We aimed to investigate whether hospitalizations of patients tested positive for COVID‐19 antibodies are associated with reduced in‐hospital mortality to clarify the necessity of check for COVID‐19 antibody at the time of admission.
This retrospective study was conducted by review of the medical records of 2459 hospitalized patients who were discharged between March 1, 2020, and March 30, 2021 from the Mount Sinai Health system with laboratory‐confirmed COVID‐19 infection and for whom a qualitative COVID‐19 antibody test was performed within 2 days after admission.
The primary outcome of interest was in‐hospital mortality. Secondary outcomes were intensive care unit admission, endotracheal intubation, and acute kidney injury (AKI). AKI was defined according to KDIGO criteria. 3
All vital signs and blood tests were recorded at the time of admission. We imputed missing data using multiple imputations. Inverse probability weighted analysis (IPTW) using a propensity score with trimming weights more than 10 was performed for an adjustment for baseline patients' characteristics.
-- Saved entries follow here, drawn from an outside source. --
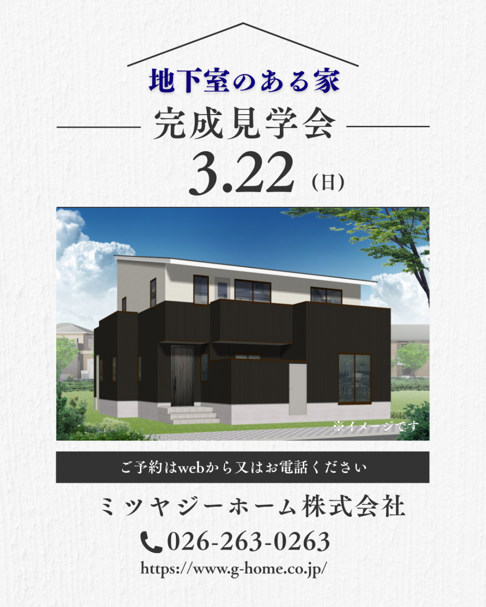 3/22(日)「地下室のある家」完成見学会開催(長野市)ご予約受付中!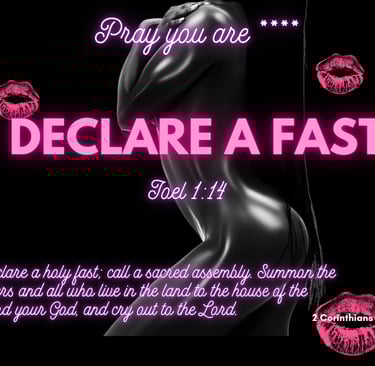 Welcome to Pray! you whore, a blog, that takes you on my personal journey of repentance, reconciliation, and redemption. So recently I have been struggling to stay consistent and get back in routine. My baby is about to be one and I no longer have and excuse... IT IS TIME! However, I have been focusing on surrendering my will for God's will in every detail of my life. The Lord tells us to do this in Proverbs 3:6" in all your ways submit to him, and he will make your paths straight." I want to challenge you all to do this in your walk with God. My biggest issue has been delayed obedience which is the same as disobedience. The scheme of the enemy is distraction, deception and doubt so be aware and fight back. One of the methods God has revealed to me is through fasting. When you need immediate help and to annihilate the enemy yesterday... "declare a fast." As a wellness coach, I have been practicing fasting for quite some time but recently I have been struggling with gluttony, lust and self control. So the Lord has stepped in to confirm how important it is to be obedient and trust in the process and training. I am here to encourage you to walk in obedience and show yourself grace. It is time to get back on the horse and "DECLARE A FAST" to return to obedience, focus and purpose.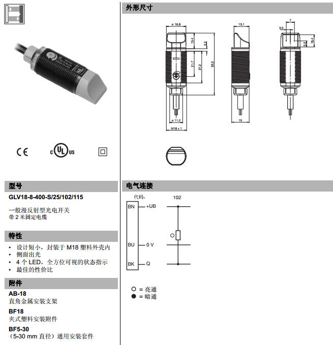 GLV18-8-400-S/25/102/115,漫反射型傳感器
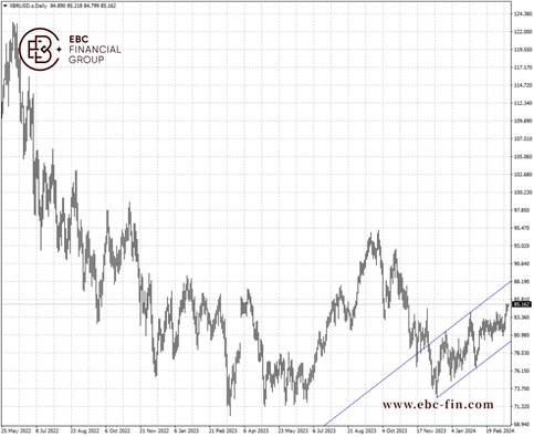 布伦特原油处于去年12月中旬开始的上行通道中,预示良好趋势的延续。下一个阻力区域在87美元附近。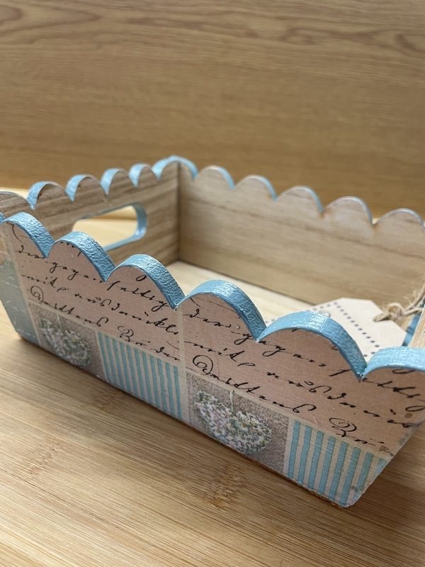 Cesta de madera con blonda, con asas de riñón. Decorada a mano con la técnica de decoupage. Modelo lunares. Base interior barnizada. Apto para lavado a mano. 16cm X 16cm.

The following variables were used to estimate propensity scores: age, sex, race, comorbidities, laboratory test results, and treatments. In IPTW analysis, standardized mean differences in listed variables between groups of patients positive and negative for a COVID‐19 antibody were mostly less than 0.20. We compared the in‐hospital outcomes between the groups of patients positive and negative for a COVID‐19 antibody.
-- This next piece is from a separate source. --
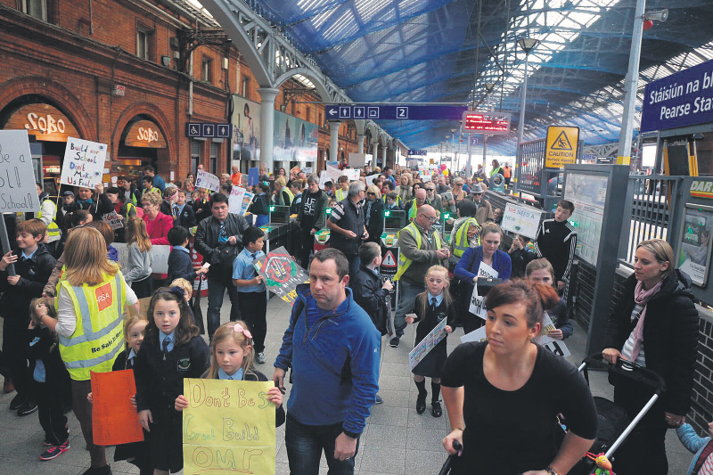 The crowd largely made their way from Dublin 15 by train, with Irish Rail adding additional carriages to cater for the massive number of protestors, while others travelled by car and bus.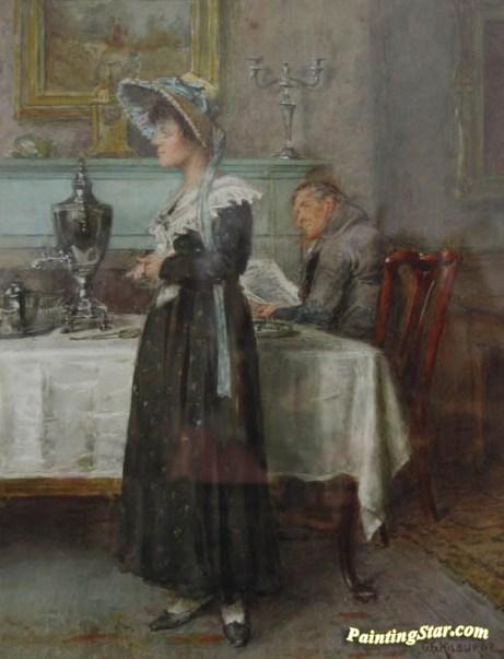 Lady standing beside a Table near a Man reading a Paper, Art Painting by George Goodwin Kilburne

In subgroup analyses, we compared the in‐hospital mortality between the patients with and without positive antibody tests stratified by endotracheal intubation and oxygen saturation using IPTW analysis. All statistical analyses were performed using R (version 3.6.2). p values less than 0.05 were considered statistically significant.
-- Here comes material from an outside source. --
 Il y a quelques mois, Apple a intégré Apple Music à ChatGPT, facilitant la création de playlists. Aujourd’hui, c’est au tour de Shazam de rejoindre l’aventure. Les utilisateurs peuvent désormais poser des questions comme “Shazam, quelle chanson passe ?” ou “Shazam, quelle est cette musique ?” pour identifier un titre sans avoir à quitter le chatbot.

Of the 2459 patients admitted due to COVID‐19 and tested for antibodies, 937 (38.1%) had positive COVID‐19 antibody tests. Baseline characteristics, vital signs, treatments for patients with and without positive antibody tests are reported in Table 1.
Table 1.
Patients without COVID‐19 antibody (N = 1,522) | Patients with COVID‐19 antibody (N = 937) | p value | |
---|---|---|---|
Demographics | |||
Age (years), mean (SD) | 65.6 (16.8) | 64.7 (16.7) | 0.23 |
Male, n (%) | 837 (55.0) | 534 (57.0) | 0.35 |
Race/ethnicity, n (%) | |||
White | 561 (36.9) | 261 (27.9) | <0.001 |
African American | 240 (15.8) | 187 (20.0) | |
Hispanic | 316 (20.8) | 221 (23.6) | |
Asian | 119 (7.8) | 80 (8.5) | |
Other | 286 (18.8) | 188 (20.1) | |
Comorbidities | |||
COPD, n (%) | 82 (5.4) | 32 (3.4) | 0.031 |
Hypertension, n (%) | 558 (36.7) | 333 (35.5) | 0.60 |
Diabetes mellitus, n (%) | |||
Atrial fibrillation, n (%) | 130 (8.5) | 69 (7.4) | 0.34 |
Heart failure, n (%) | 136 (8.9) | 72 (7.7) | 0.31 |
Coronary artery disease, n (%) | 243 (16.0) | 128 (13.7) | 0.14 |
Vital signs | |||
Temperature, median [IQR] | 38.0 [37.4–38.8] | 37.5 [37.2–38.4] | <0.001 |
Respiratory rate (/min), median [IQR] | 20.0 [18.0–20.0] | 20.0 [18.0–22.0] | 0.70 |
O2 saturation (%), median [IQR] | 90.0 [84.0–92.0] | 90.0 [86.0–93.0] | <0.001 |
Blood tests | |||
White blood cell (K/μl), median [IQR] | 6.10 [4.56–8.11] | 8.30 [6.40–11.50] | <0.001 |
eGFR (ml/min./1.73m2), median [IQR] | 69.8 [46.8–93.9] | 75.4 [49.0–97.4] | 0.009 |
C reactive protein (mg/L), median [IQR] | 66.3 [28.0–119.7] | 97.1 [46.4–173.0] | <0.001 |
d‐Dimer (μg/ml), median [IQR] | 0.94 [0.58–1.72] | 1.39 [0.79–2.83] | <0.001 |
Treatment | |||
Therapeutic anticoagulation, n (%) | 497 (32.7) | 329 (35.1) | 0.23 |
Prophylactic anticoagulation, n (%) | 978 (64.3) | 553 (59.0) | 0.01 |
Steroid treatment, n (%) | 1318 (86.6) | 697 (74.4) | <0.001 |
IL‐6 inhibitor, n (%) | 30 (2.0) | 20 (2.1) | 0.90 |
Convalescent plasma, n (%) | 698 (45.9) | 83 (8.9) | <0.001 |
Use of remdesivir, n (%) | 701 (46.1) | 244 (26.0) | <0.001 |
In‐hospital outcomes | |||
In‐hospital mortality | 298 (19.6) | 128 (13.7) | <0.001 |
Intensive care unit admission | 328 (21.6) | 186 (19.9) | 0.34 |
Endotracheal intubation | 202 (13.3) | 90 (9.6) | 0.008 |
Acute kidney injury | |||
No acute kidney injury | 1186 (78.2) | 752 (80.4) | 0.45 |
Stage 1 | 117 (7.7) | 57 (6.1) | |
Stage 2 | 48 (3.2) | 28 (3.0) | |
Stage 3 | 166 (10.9) | 98 (10.5) | |
Length of stay, median [IQR], days | 7.25 [4.04–13.8] | 6.31 [3.72–11.2] | <0.001 |
Abbreviations: COVID‐19, coronavirus disease 2019; COPD, chronic obstructive pulmonary disease; eGFR, estimated glomerular filtration rate; HIV, human immunodeficiency virus; IL‐6, interleukin‐6; IQR, interquartile range; SD, standard deviation.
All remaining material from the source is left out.